Task goal:
Give a verbatim copy of the lines below, minus the pictures.

Data to process section start

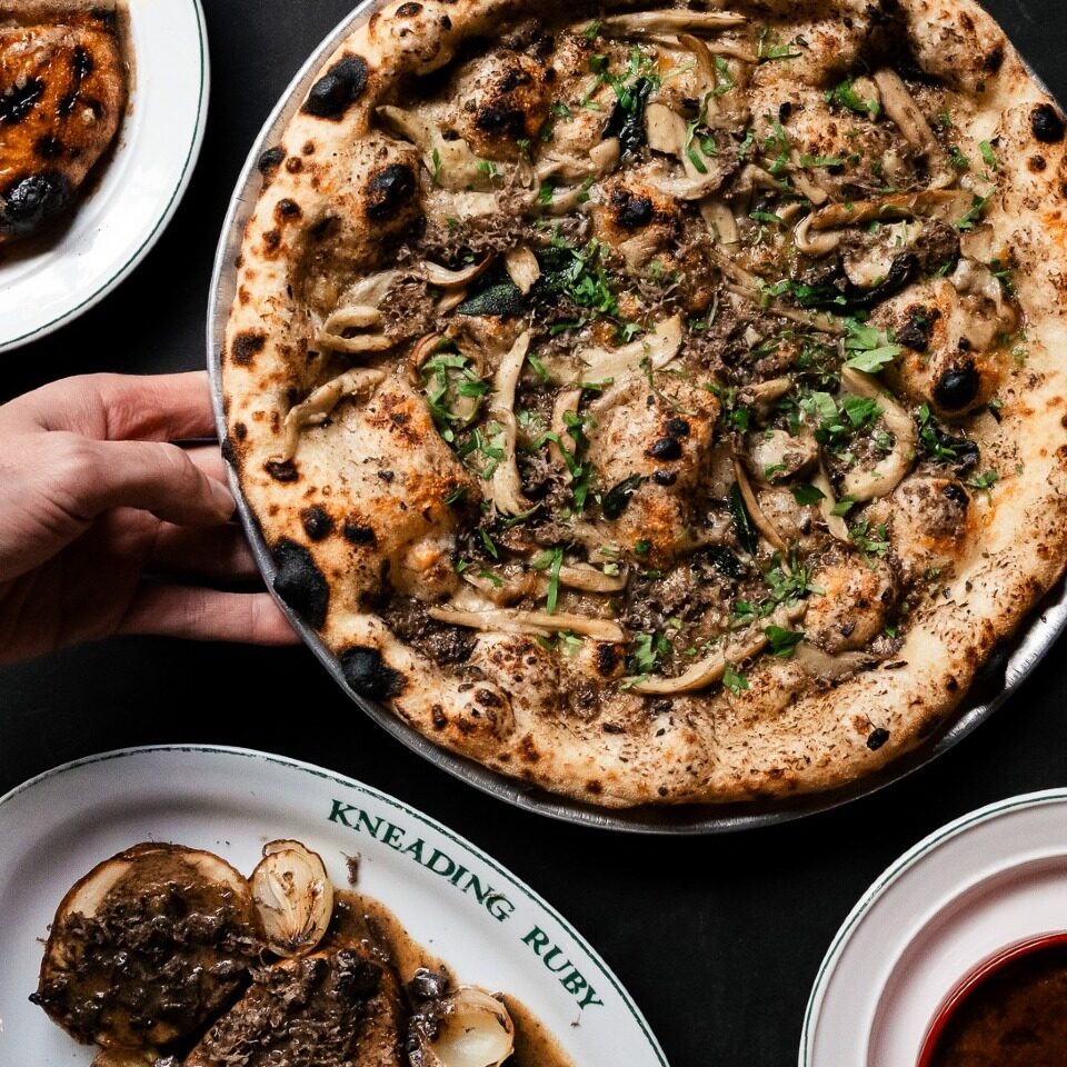 The menu champions seasonal produce and wood-fired perfection, with plenty of love shown to plant-based diners. Vegan and vegetarian options slide seamlessly into the line-up – think golden pumpkin fritta, addictive polenta chips, and a mushroom pizza that rivals any meaty counterpart. Whether you’re sharing plates with a big group or indulging in your own feast, Kneading Ruby proves that veg-friendly dining can be both refined and downright delicious.
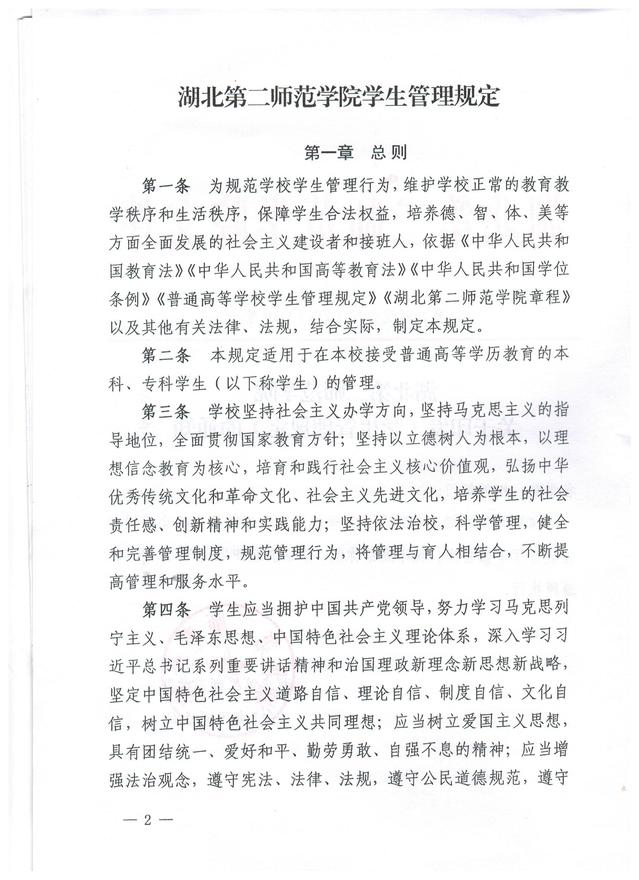 湖北第二师范学院学生管理规定
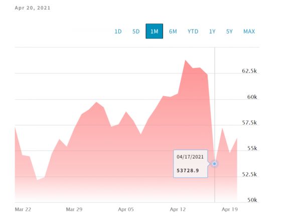 上个周末 (4月17日-18日) ,比特币突然经历了闪电式崩盘,价格跌上热搜。目前,微博#比特币跌破52000美元#话题下共有1.5亿阅读,1.4万讨论。截至发稿,比特币价格为5.6万美元,仍未升回6万美元大关。
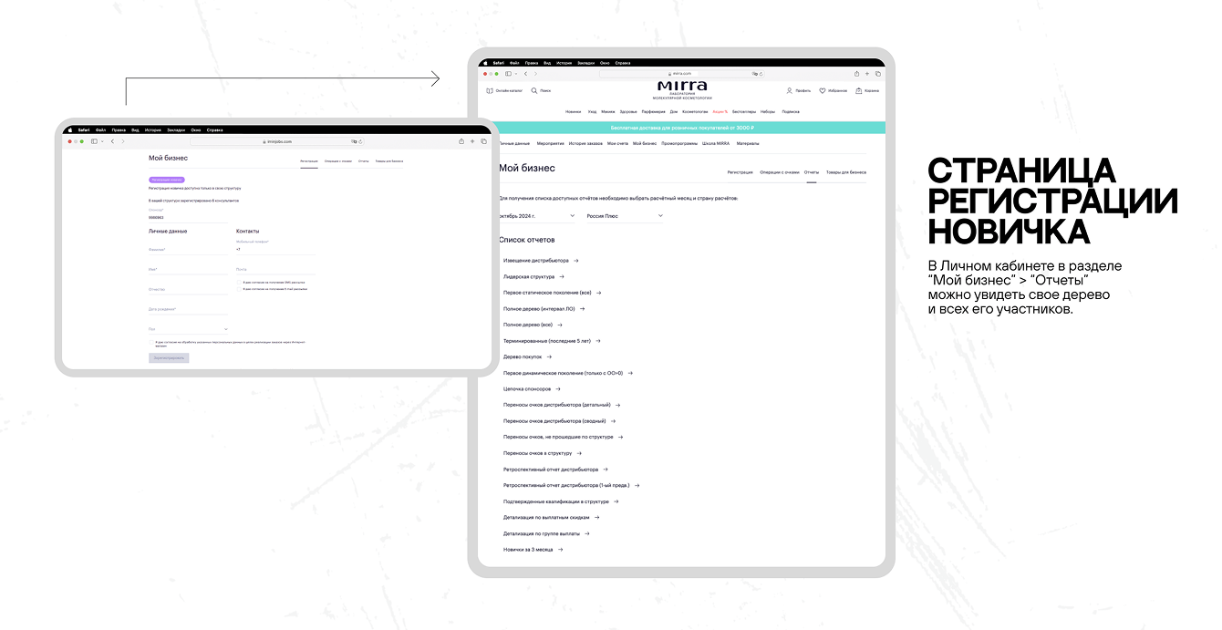 На момент 2024 основной клиент mirra.ru — дистрибьютор, работающий по MLM-системе. Доход от дистрибьюторской сети составляет 30-40% от общего числа форматов продаж. В этом большая мотивация делать покупки через сайт максимально удобными и легкими, чтобы их было больше. Сам личный кабинет должен стать персональной картой бизнеса для каждого дистрибьютора: чтобы он мог в любое время зайти в свой личный кабинет и понять, как его бизнес выглядит сейчас и как его можно улучшить.
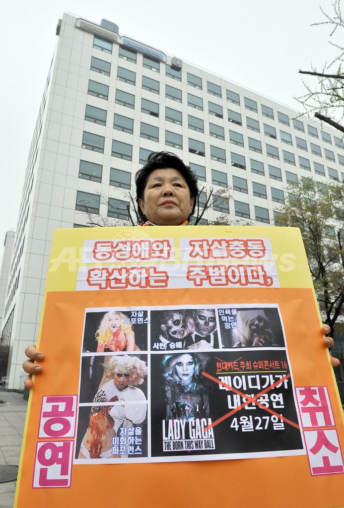 写真は、コンサートを主催した現代カード(Hyundai Card)の本社前で、コンサートへの抗議活動を行うキリスト教団体の女性(2012年4月23日撮影)。(c)AFP/JUNG YEON-JE
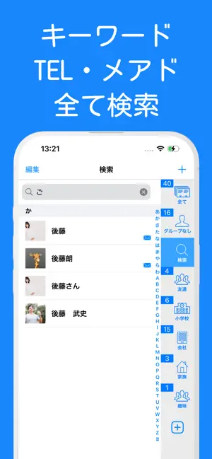 人気No.1の電話帳アプリ、ドラッグ&ドロップで簡単にグループ分け、グループ単位で一斉メールを送信できます。
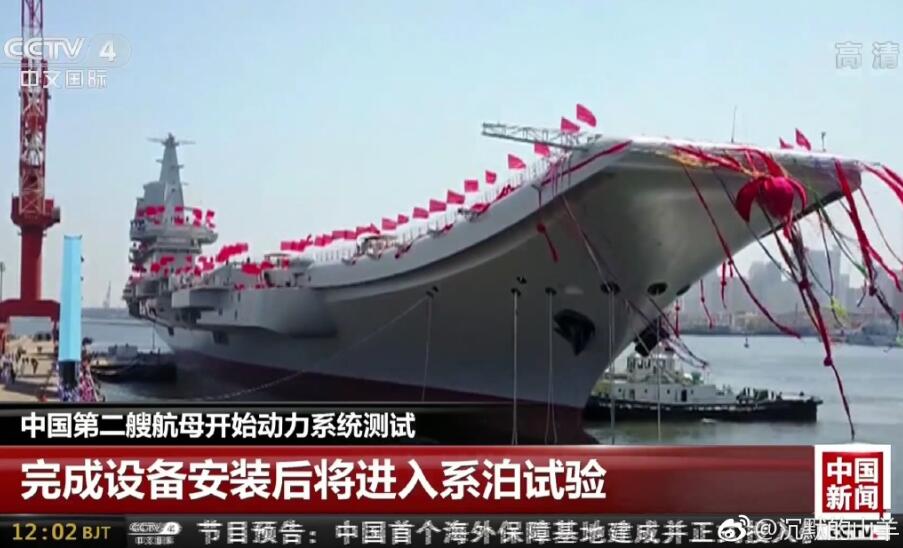 国产航母研制总指挥在接受央视采访时表示,中国第二艘航母开始动力系统测试,进度有所提前。
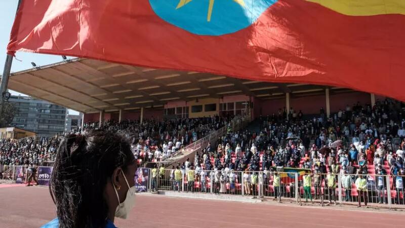 حشد يقف لإلقاء النشيد الوطني الإثيوبي خلال فعالية تبرع بالدم في أديس أبابا
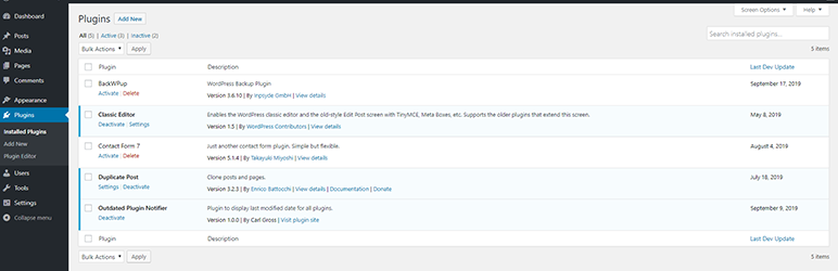 To use, simply install and activate the plugin. There is no additional configuration required. After, open the plugin admin page from your WordPress dashboard and you will see a new column displayed in the table: Last Dev Update. This column will indicate the last date the plugin was updated by its developer. If it has been several months–or years–since the developer last updated the plugin, you may want to contact the developer to confirm the plugin is still maintained. If the plugin is no longer in the WordPress plugin repository, Outdated Plugin Notifier will indicate so on the plugins admin page, and suggest you remove and/or replace the plugin.
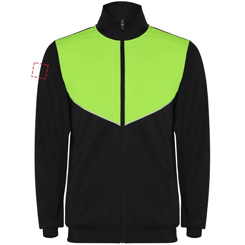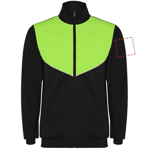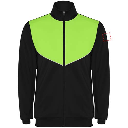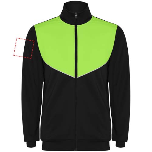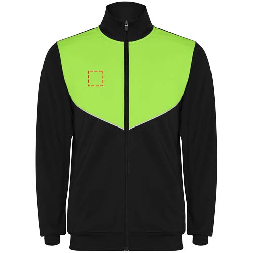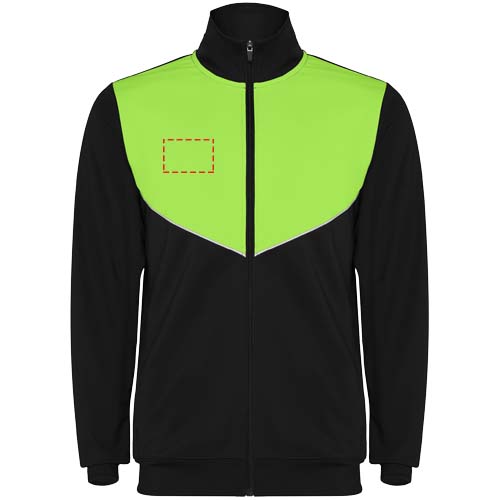 Trainingsanzug aus leichtem und elastischem Stoff. Jacke mit farblich abgesetzten Nähten im Brustbereich. Hoher Kragen mit Kontrastnähten. Zentraler Frontreißverschluss. Seitentaschen. 2x2-Rippenbündchen an Ärmeln und Bund. Hose mit elastischem Bund und Kordelzug. Seitliche Kontrasteinsätze mit Steppnaht. Beinsaum mit Reißverschluss.
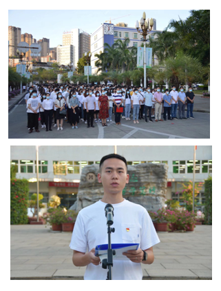 首先,由安昀主任宣布升旗仪式正式开始,在庄重的国歌声中和同学们注视的目光下,国旗护卫队脚踏正步,坚定而有力的走到旗杆下升起旗帜,全体师生庄严地行注目礼。接着由周玉杰同学就“自律攀大人”的主题在国旗下讲话。周玉杰分享了自己的学习经历,谈及自己在自律的帮助下获得了良好的精神面貌和优良的学习成绩,呼吁大家自律,争做自律攀大人,发扬勇攀高峰的精神。然后,蒋志强经理以建党100周年为主题,向同学们诠释了升旗对于每一个中国人而言是骄傲与自豪的,是一个国家的荣誉象征,旨在培养同学们的爱国主义情怀和追求理想的决心与毅力,蒋经理要求同学们要坚定爱国主义信念,争做一名合格的攀大人,以更加优异的成绩向党的百岁华诞献礼,并向同学们提出了殷切的期望,希望同学们早睡早起,加强体育锻炼,多参加集体活动;希望全体师生发扬“育创新人才,普钒钛华章”的创院理念,积极进取。
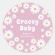Groovy Baby Girl Shower Blume Power Daisies Pink Runder Aufkleber
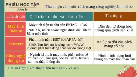 Thành tựu của cuộc cách mạng công nghiệp lần thứ ba.
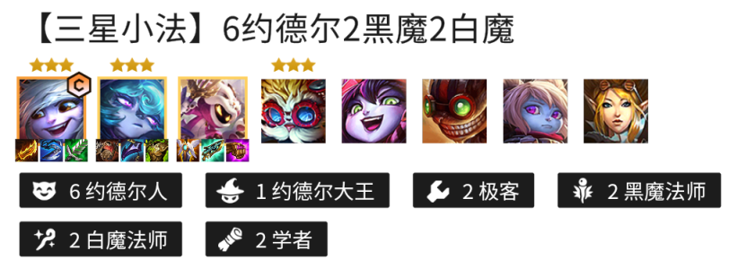 金铲铲约德尔法阵容可以玩【三星小法】6约德尔2黑魔2白魔,具体攻略如下:

Data to process section end

Output of the task:
 The menu champions seasonal produce and wood-fired perfection, with plenty of love shown to plant-based diners. Vegan and vegetarian options slide seamlessly into the line-up – think golden pumpkin fritta, addictive polenta chips, and a mushroom pizza that rivals any meaty counterpart. Whether you’re sharing plates with a big group or indulging in your own feast, Kneading Ruby proves that veg-friendly dining can be both refined and downright delicious.
 湖北第二师范学院学生管理规定
 上个周末 (4月17日-18日) ,比特币突然经历了闪电式崩盘,价格跌上热搜。目前,微博#比特币跌破52000美元#话题下共有1.5亿阅读,1.4万讨论。截至发稿,比特币价格为5.6万美元,仍未升回6万美元大关。
 На момент 2024 основной клиент mirra.ru — дистрибьютор, работающий по MLM-системе. Доход от дистрибьюторской сети составляет 30-40% от общего числа форматов продаж. В этом большая мотивация делать покупки через сайт максимально удобными и легкими, чтобы их было больше. Сам личный кабинет должен стать персональной картой бизнеса для каждого дистрибьютора: чтобы он мог в любое время зайти в свой личный кабинет и понять, как его бизнес выглядит сейчас и как его можно улучшить.
 写真は、コンサートを主催した現代カード(Hyundai Card)の本社前で、コンサートへの抗議活動を行うキリスト教団体の女性(2012年4月23日撮影)。(c)AFP/JUNG YEON-JE
 人気No.1の電話帳アプリ、ドラッグ&ドロップで簡単にグループ分け、グループ単位で一斉メールを送信できます。
 国产航母研制总指挥在接受央视采访时表示,中国第二艘航母开始动力系统测试,进度有所提前。
 حشد يقف لإلقاء النشيد الوطني الإثيوبي خلال فعالية تبرع بالدم في أديس أبابا
 To use, simply install and activate the plugin. There is no additional configuration required. After, open the plugin admin page from your WordPress dashboard and you will see a new column displayed in the table: Last Dev Update. This column will indicate the last date the plugin was updated by its developer. If it has been several months–or years–since the developer last updated the plugin, you may want to contact the developer to confirm the plugin is still maintained. If the plugin is no longer in the WordPress plugin repository, Outdated Plugin Notifier will indicate so on the plugins admin page, and suggest you remove and/or replace the plugin.
 Trainingsanzug aus leichtem und elastischem Stoff. Jacke mit farblich abgesetzten Nähten im Brustbereich. Hoher Kragen mit Kontrastnähten. Zentraler Frontreißverschluss. Seitentaschen. 2x2-Rippenbündchen an Ärmeln und Bund. Hose mit elastischem Bund und Kordelzug. Seitliche Kontrasteinsätze mit Steppnaht. Beinsaum mit Reißverschluss.
 首先,由安昀主任宣布升旗仪式正式开始,在庄重的国歌声中和同学们注视的目光下,国旗护卫队脚踏正步,坚定而有力的走到旗杆下升起旗帜,全体师生庄严地行注目礼。接着由周玉杰同学就“自律攀大人”的主题在国旗下讲话。周玉杰分享了自己的学习经历,谈及自己在自律的帮助下获得了良好的精神面貌和优良的学习成绩,呼吁大家自律,争做自律攀大人,发扬勇攀高峰的精神。然后,蒋志强经理以建党100周年为主题,向同学们诠释了升旗对于每一个中国人而言是骄傲与自豪的,是一个国家的荣誉象征,旨在培养同学们的爱国主义情怀和追求理想的决心与毅力,蒋经理要求同学们要坚定爱国主义信念,争做一名合格的攀大人,以更加优异的成绩向党的百岁华诞献礼,并向同学们提出了殷切的期望,希望同学们早睡早起,加强体育锻炼,多参加集体活动;希望全体师生发扬“育创新人才,普钒钛华章”的创院理念,积极进取。
Groovy Baby Girl Shower Blume Power Daisies Pink Runder Aufkleber
 Thành tựu của cuộc cách mạng công nghiệp lần thứ ba.
 金铲铲约德尔法阵容可以玩【三星小法】6约德尔2黑魔2白魔,具体攻略如下:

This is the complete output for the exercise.